Records:
........

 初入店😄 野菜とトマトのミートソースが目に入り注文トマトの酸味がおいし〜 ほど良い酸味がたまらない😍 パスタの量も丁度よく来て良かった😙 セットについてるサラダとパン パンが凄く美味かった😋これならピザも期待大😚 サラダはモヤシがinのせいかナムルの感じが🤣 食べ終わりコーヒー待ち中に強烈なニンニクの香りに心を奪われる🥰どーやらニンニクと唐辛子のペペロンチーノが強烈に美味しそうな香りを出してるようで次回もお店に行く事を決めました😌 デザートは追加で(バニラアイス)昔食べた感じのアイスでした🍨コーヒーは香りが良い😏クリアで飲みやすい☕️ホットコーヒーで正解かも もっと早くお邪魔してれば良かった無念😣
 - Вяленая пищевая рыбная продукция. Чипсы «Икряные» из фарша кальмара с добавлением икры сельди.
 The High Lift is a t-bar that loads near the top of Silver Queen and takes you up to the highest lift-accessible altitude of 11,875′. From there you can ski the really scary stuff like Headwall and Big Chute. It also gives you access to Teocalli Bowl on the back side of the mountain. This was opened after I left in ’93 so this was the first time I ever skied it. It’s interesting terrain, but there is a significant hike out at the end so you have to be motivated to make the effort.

........

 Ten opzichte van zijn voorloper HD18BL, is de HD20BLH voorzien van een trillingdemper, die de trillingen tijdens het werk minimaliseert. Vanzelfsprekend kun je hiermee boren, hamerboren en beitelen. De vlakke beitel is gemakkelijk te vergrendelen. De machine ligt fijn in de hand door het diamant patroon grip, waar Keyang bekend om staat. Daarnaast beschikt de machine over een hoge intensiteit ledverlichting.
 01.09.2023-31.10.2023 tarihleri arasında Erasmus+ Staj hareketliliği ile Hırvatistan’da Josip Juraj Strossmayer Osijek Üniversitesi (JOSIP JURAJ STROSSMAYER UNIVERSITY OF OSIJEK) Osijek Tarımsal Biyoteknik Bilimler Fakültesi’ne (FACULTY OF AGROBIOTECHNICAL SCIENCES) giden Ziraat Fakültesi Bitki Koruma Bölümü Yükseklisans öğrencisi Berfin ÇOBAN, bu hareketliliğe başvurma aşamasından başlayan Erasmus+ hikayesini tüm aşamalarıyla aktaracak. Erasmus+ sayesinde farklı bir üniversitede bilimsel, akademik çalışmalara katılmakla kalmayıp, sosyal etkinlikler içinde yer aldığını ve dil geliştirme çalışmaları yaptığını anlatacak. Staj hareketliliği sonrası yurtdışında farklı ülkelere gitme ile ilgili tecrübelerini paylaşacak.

........

Exercise instructions: What you give back should be only the lines of the records above, starting at the line with "- Вяленая пищевая" and ending at the line with "The High Lift", restated word for word.

Task output:
 - Вяленая пищевая рыбная продукция. Чипсы «Икряные» из фарша кальмара с добавлением икры сельди.
 The High Lift is a t-bar that loads near the top of Silver Queen and takes you up to the highest lift-accessible altitude of 11,875′. From there you can ski the really scary stuff like Headwall and Big Chute. It also gives you access to Teocalli Bowl on the back side of the mountain. This was opened after I left in ’93 so this was the first time I ever skied it. It’s interesting terrain, but there is a significant hike out at the end so you have to be motivated to make the effort.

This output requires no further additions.